▶ **EXERCISE BRIEF**
Please reproduce the entries exactly as they appear below, but not the pictures.
◆ ◆ ◆ ◆ ◆
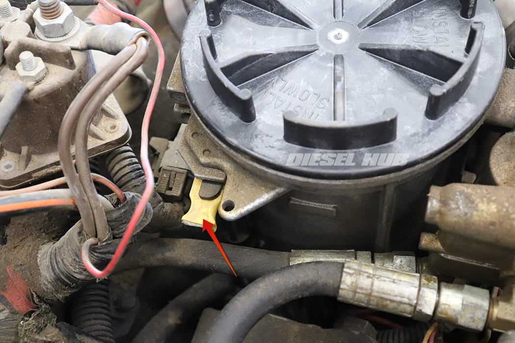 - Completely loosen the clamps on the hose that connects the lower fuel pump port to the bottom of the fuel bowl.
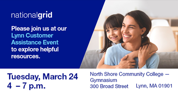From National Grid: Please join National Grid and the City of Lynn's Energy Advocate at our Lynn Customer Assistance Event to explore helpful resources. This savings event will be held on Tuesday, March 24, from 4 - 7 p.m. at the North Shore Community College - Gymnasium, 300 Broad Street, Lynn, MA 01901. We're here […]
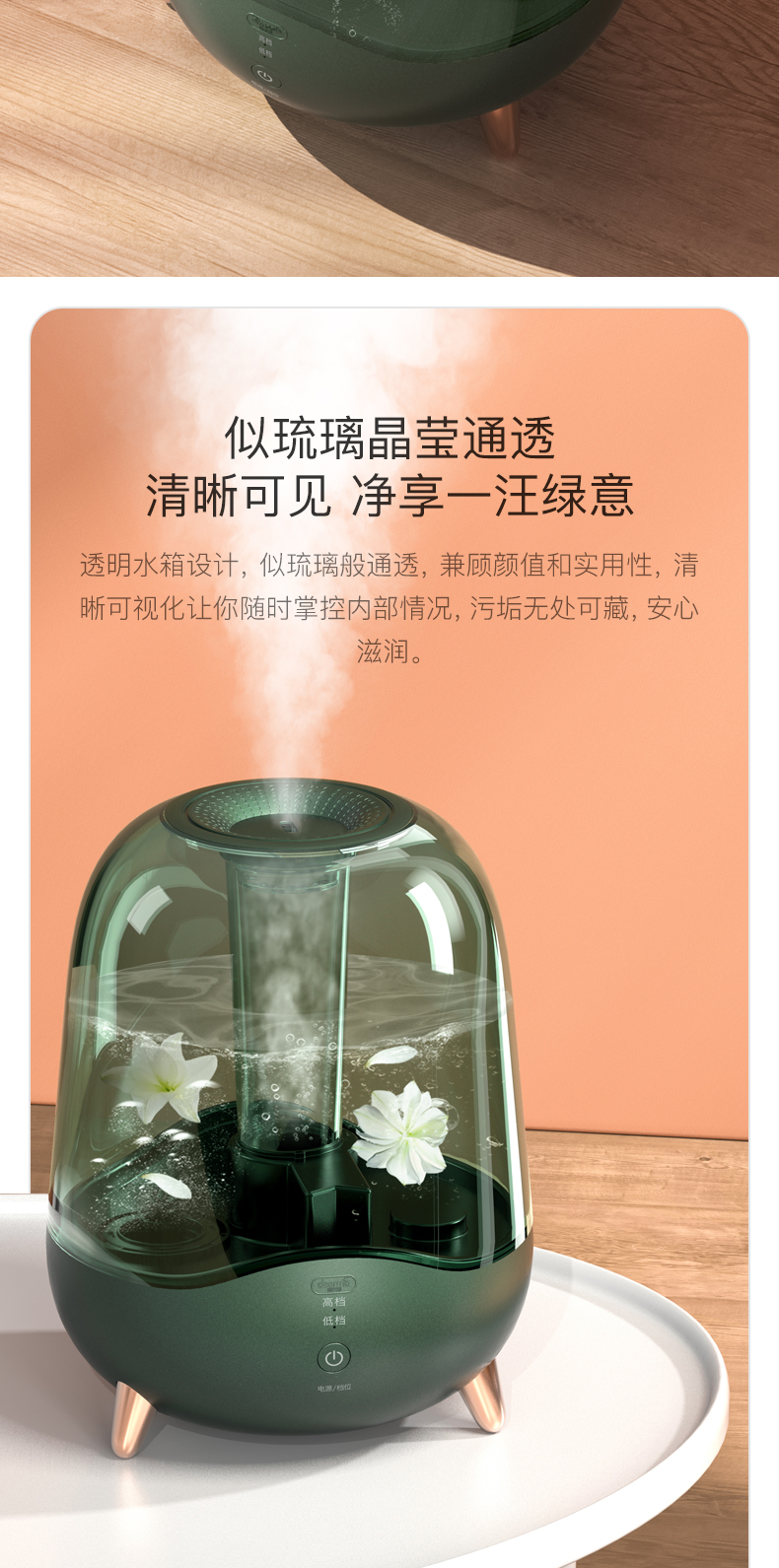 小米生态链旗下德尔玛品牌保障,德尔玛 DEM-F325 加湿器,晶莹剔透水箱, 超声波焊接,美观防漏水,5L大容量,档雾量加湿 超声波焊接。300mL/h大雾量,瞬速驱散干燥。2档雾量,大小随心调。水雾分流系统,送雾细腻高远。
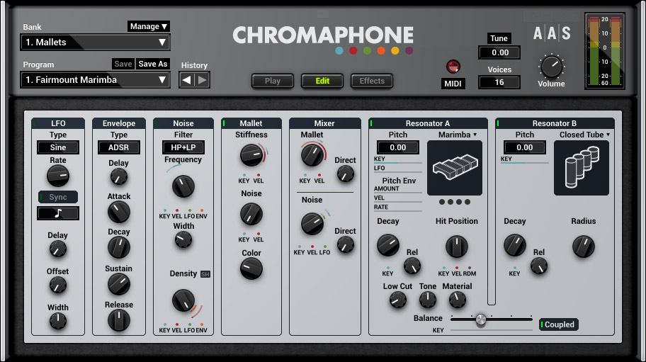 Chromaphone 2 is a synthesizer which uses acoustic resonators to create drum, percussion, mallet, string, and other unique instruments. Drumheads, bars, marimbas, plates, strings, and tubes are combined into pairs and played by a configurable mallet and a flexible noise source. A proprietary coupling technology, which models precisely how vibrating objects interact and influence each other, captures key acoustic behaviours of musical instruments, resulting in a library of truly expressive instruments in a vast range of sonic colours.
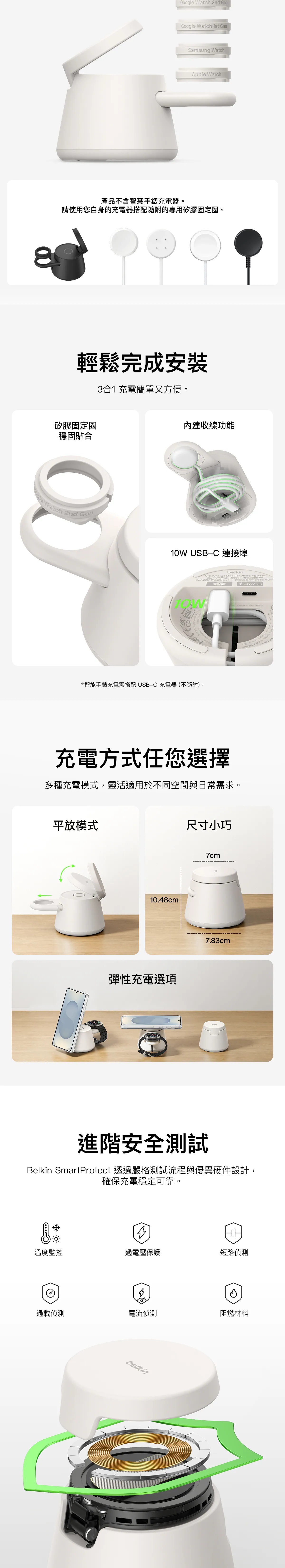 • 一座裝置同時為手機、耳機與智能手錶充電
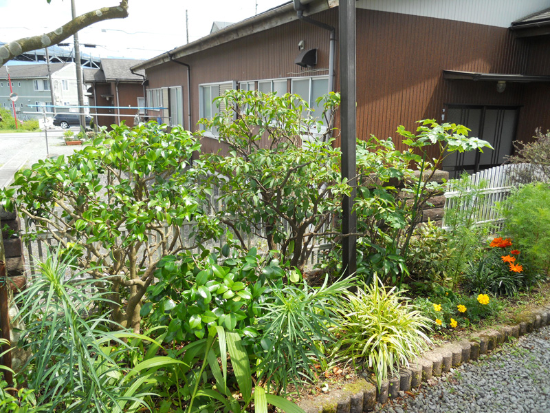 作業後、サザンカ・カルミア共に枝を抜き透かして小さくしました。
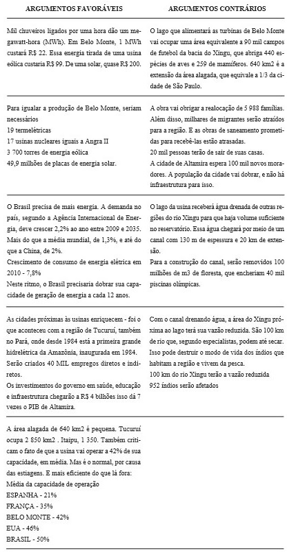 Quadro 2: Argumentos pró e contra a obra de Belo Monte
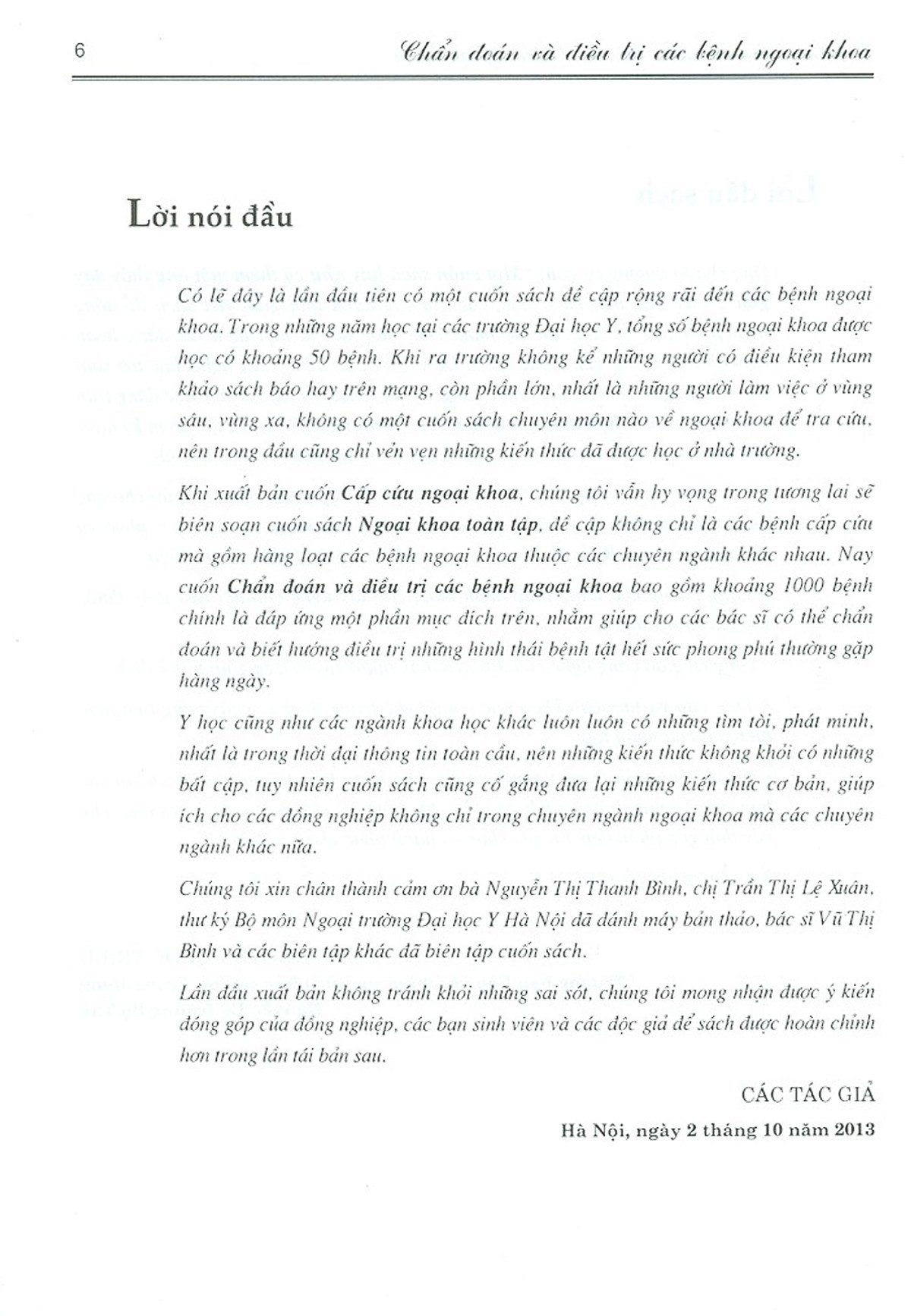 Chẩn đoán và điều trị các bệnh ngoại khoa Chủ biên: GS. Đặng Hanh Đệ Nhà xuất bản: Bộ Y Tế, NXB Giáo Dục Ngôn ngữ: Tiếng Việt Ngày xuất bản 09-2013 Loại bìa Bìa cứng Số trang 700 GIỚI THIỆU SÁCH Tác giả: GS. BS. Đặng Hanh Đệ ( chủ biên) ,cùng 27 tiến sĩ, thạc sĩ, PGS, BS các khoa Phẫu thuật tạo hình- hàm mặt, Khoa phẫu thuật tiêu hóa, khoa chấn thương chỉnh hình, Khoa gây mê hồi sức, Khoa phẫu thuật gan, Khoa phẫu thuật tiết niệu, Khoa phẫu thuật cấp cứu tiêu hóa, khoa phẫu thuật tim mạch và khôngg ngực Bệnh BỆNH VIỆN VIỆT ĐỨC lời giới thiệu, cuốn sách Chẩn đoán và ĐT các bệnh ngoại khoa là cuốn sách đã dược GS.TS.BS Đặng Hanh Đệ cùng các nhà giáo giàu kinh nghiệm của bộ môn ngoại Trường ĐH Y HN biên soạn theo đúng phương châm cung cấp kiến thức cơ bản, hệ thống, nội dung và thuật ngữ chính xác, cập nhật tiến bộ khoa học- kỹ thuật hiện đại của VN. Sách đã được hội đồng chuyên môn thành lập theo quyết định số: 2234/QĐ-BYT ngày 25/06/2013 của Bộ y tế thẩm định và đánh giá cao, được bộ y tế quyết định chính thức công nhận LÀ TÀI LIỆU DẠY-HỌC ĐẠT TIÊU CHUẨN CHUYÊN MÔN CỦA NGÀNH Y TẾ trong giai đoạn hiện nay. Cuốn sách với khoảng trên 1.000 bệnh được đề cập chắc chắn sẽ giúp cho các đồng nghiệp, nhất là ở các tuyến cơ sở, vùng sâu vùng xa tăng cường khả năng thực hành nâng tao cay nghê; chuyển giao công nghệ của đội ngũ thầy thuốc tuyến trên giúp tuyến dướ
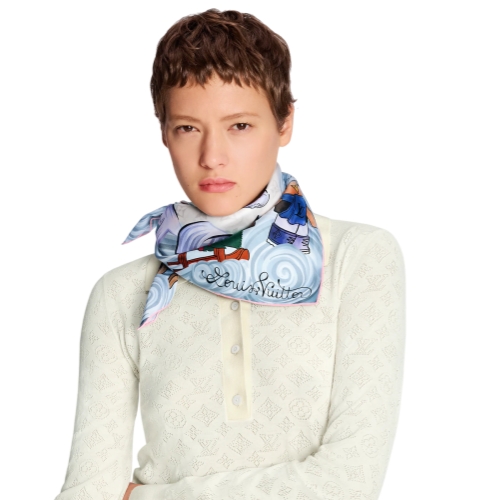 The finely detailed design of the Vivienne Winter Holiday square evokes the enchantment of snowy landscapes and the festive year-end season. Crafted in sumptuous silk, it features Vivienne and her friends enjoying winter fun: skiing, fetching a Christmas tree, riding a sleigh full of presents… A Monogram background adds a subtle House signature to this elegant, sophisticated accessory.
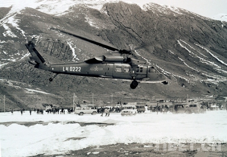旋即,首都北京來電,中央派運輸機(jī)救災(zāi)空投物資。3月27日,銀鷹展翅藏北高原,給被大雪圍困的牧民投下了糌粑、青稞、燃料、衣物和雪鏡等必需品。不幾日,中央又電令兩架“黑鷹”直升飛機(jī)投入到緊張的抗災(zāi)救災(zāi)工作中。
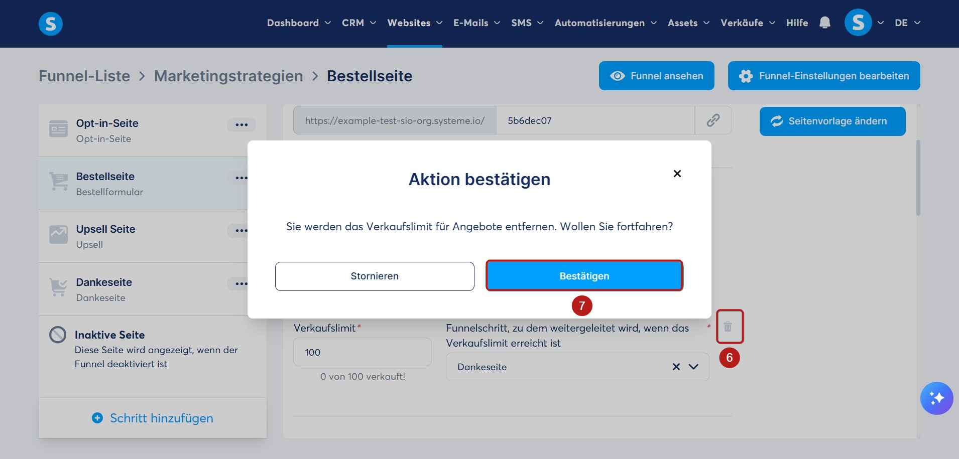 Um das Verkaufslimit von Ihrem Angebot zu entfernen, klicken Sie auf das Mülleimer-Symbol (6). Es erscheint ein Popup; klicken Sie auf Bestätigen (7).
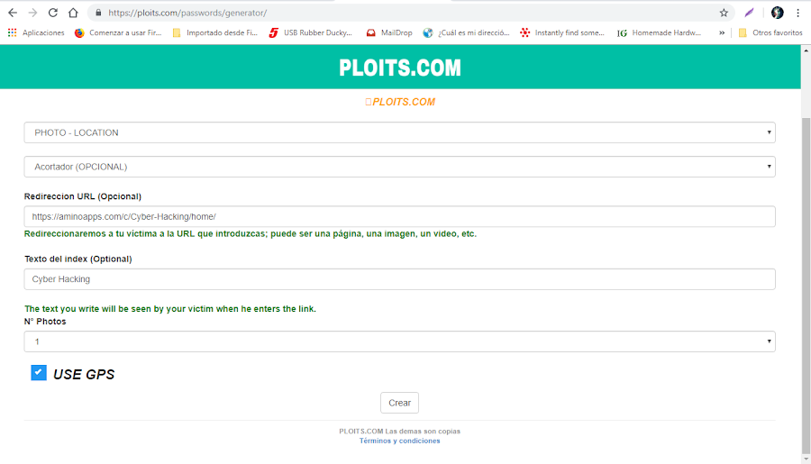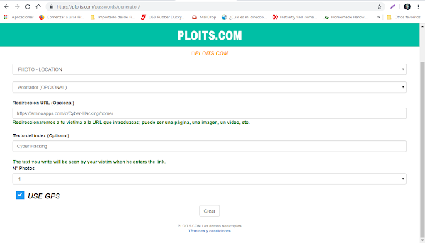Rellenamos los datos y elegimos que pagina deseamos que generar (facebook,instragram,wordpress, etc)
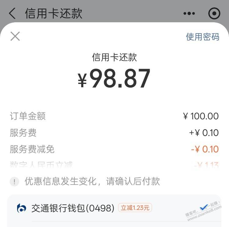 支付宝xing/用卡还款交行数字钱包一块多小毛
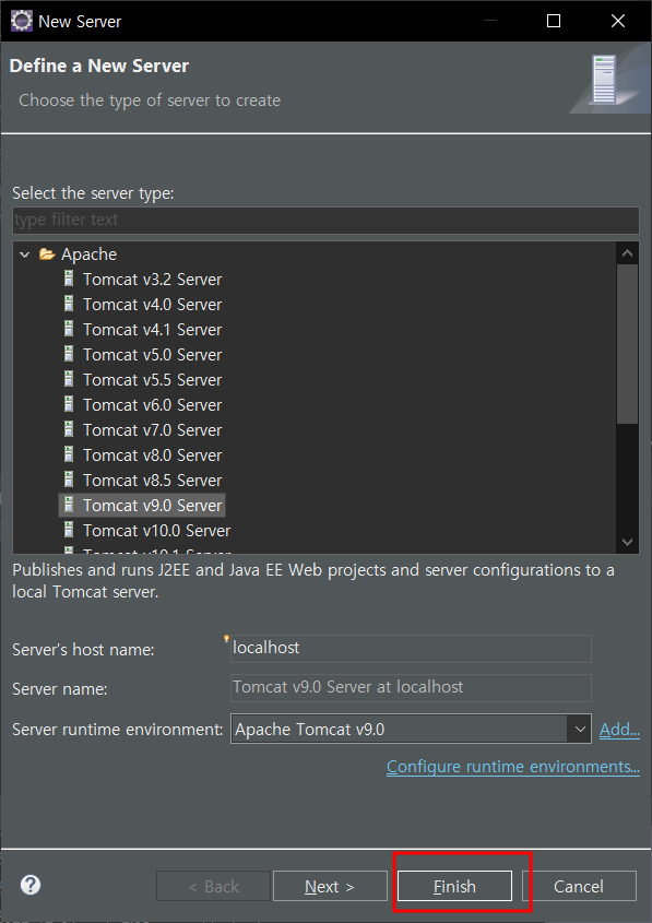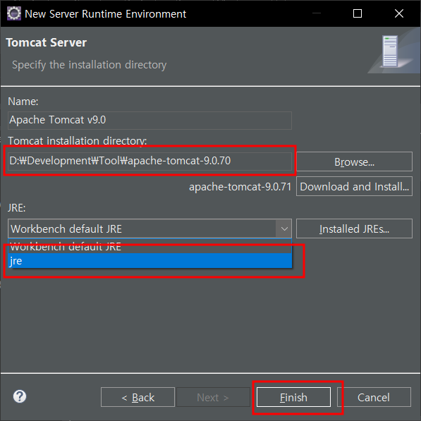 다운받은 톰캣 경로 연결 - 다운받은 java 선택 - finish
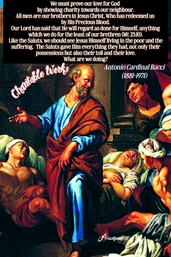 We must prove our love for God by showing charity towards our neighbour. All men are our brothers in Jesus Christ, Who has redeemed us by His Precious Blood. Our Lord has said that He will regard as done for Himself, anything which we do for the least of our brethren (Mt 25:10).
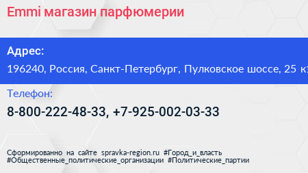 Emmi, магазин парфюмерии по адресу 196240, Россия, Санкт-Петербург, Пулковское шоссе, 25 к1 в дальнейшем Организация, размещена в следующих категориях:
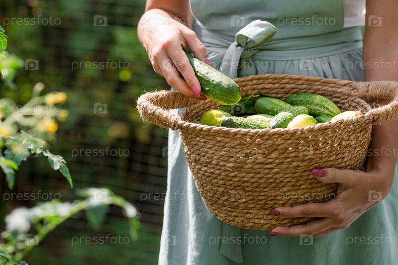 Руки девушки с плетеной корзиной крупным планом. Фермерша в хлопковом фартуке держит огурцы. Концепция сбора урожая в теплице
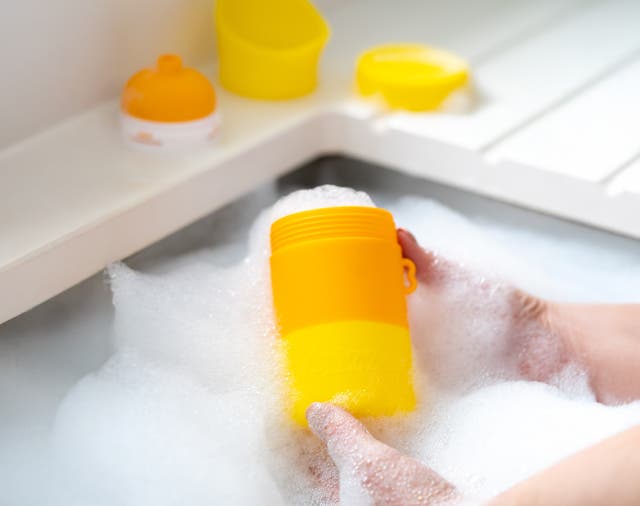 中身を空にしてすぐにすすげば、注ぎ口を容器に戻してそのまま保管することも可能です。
◆ ◆ ◆ ◆ ◆
▶ **TASK SOLUTION**
 - Completely loosen the clamps on the hose that connects the lower fuel pump port to the bottom of the fuel bowl.
From National Grid: Please join National Grid and the City of Lynn's Energy Advocate at our Lynn Customer Assistance Event to explore helpful resources. This savings event will be held on Tuesday, March 24, from 4 - 7 p.m. at the North Shore Community College - Gymnasium, 300 Broad Street, Lynn, MA 01901. We're here […]
 小米生态链旗下德尔玛品牌保障,德尔玛 DEM-F325 加湿器,晶莹剔透水箱, 超声波焊接,美观防漏水,5L大容量,档雾量加湿 超声波焊接。300mL/h大雾量,瞬速驱散干燥。2档雾量,大小随心调。水雾分流系统,送雾细腻高远。
 Chromaphone 2 is a synthesizer which uses acoustic resonators to create drum, percussion, mallet, string, and other unique instruments. Drumheads, bars, marimbas, plates, strings, and tubes are combined into pairs and played by a configurable mallet and a flexible noise source. A proprietary coupling technology, which models precisely how vibrating objects interact and influence each other, captures key acoustic behaviours of musical instruments, resulting in a library of truly expressive instruments in a vast range of sonic colours.
 • 一座裝置同時為手機、耳機與智能手錶充電
 作業後、サザンカ・カルミア共に枝を抜き透かして小さくしました。
 Quadro 2: Argumentos pró e contra a obra de Belo Monte
 Chẩn đoán và điều trị các bệnh ngoại khoa Chủ biên: GS. Đặng Hanh Đệ Nhà xuất bản: Bộ Y Tế, NXB Giáo Dục Ngôn ngữ: Tiếng Việt Ngày xuất bản 09-2013 Loại bìa Bìa cứng Số trang 700 GIỚI THIỆU SÁCH Tác giả: GS. BS. Đặng Hanh Đệ ( chủ biên) ,cùng 27 tiến sĩ, thạc sĩ, PGS, BS các khoa Phẫu thuật tạo hình- hàm mặt, Khoa phẫu thuật tiêu hóa, khoa chấn thương chỉnh hình, Khoa gây mê hồi sức, Khoa phẫu thuật gan, Khoa phẫu thuật tiết niệu, Khoa phẫu thuật cấp cứu tiêu hóa, khoa phẫu thuật tim mạch và khôngg ngực Bệnh BỆNH VIỆN VIỆT ĐỨC lời giới thiệu, cuốn sách Chẩn đoán và ĐT các bệnh ngoại khoa là cuốn sách đã dược GS.TS.BS Đặng Hanh Đệ cùng các nhà giáo giàu kinh nghiệm của bộ môn ngoại Trường ĐH Y HN biên soạn theo đúng phương châm cung cấp kiến thức cơ bản, hệ thống, nội dung và thuật ngữ chính xác, cập nhật tiến bộ khoa học- kỹ thuật hiện đại của VN. Sách đã được hội đồng chuyên môn thành lập theo quyết định số: 2234/QĐ-BYT ngày 25/06/2013 của Bộ y tế thẩm định và đánh giá cao, được bộ y tế quyết định chính thức công nhận LÀ TÀI LIỆU DẠY-HỌC ĐẠT TIÊU CHUẨN CHUYÊN MÔN CỦA NGÀNH Y TẾ trong giai đoạn hiện nay. Cuốn sách với khoảng trên 1.000 bệnh được đề cập chắc chắn sẽ giúp cho các đồng nghiệp, nhất là ở các tuyến cơ sở, vùng sâu vùng xa tăng cường khả năng thực hành nâng tao cay nghê; chuyển giao công nghệ của đội ngũ thầy thuốc tuyến trên giúp tuyến dướ
 The finely detailed design of the Vivienne Winter Holiday square evokes the enchantment of snowy landscapes and the festive year-end season. Crafted in sumptuous silk, it features Vivienne and her friends enjoying winter fun: skiing, fetching a Christmas tree, riding a sleigh full of presents… A Monogram background adds a subtle House signature to this elegant, sophisticated accessory.
旋即,首都北京來電,中央派運輸機(jī)救災(zāi)空投物資。3月27日,銀鷹展翅藏北高原,給被大雪圍困的牧民投下了糌粑、青稞、燃料、衣物和雪鏡等必需品。不幾日,中央又電令兩架“黑鷹”直升飛機(jī)投入到緊張的抗災(zāi)救災(zāi)工作中。
 Um das Verkaufslimit von Ihrem Angebot zu entfernen, klicken Sie auf das Mülleimer-Symbol (6). Es erscheint ein Popup; klicken Sie auf Bestätigen (7).
Rellenamos los datos y elegimos que pagina deseamos que generar (facebook,instragram,wordpress, etc)
 支付宝xing/用卡还款交行数字钱包一块多小毛
 다운받은 톰캣 경로 연결 - 다운받은 java 선택 - finish
 We must prove our love for God by showing charity towards our neighbour. All men are our brothers in Jesus Christ, Who has redeemed us by His Precious Blood. Our Lord has said that He will regard as done for Himself, anything which we do for the least of our brethren (Mt 25:10).
 Emmi, магазин парфюмерии по адресу 196240, Россия, Санкт-Петербург, Пулковское шоссе, 25 к1 в дальнейшем Организация, размещена в следующих категориях:
 Руки девушки с плетеной корзиной крупным планом. Фермерша в хлопковом фартуке держит огурцы. Концепция сбора урожая в теплице
 中身を空にしてすぐにすすげば、注ぎ口を容器に戻してそのまま保管することも可能です。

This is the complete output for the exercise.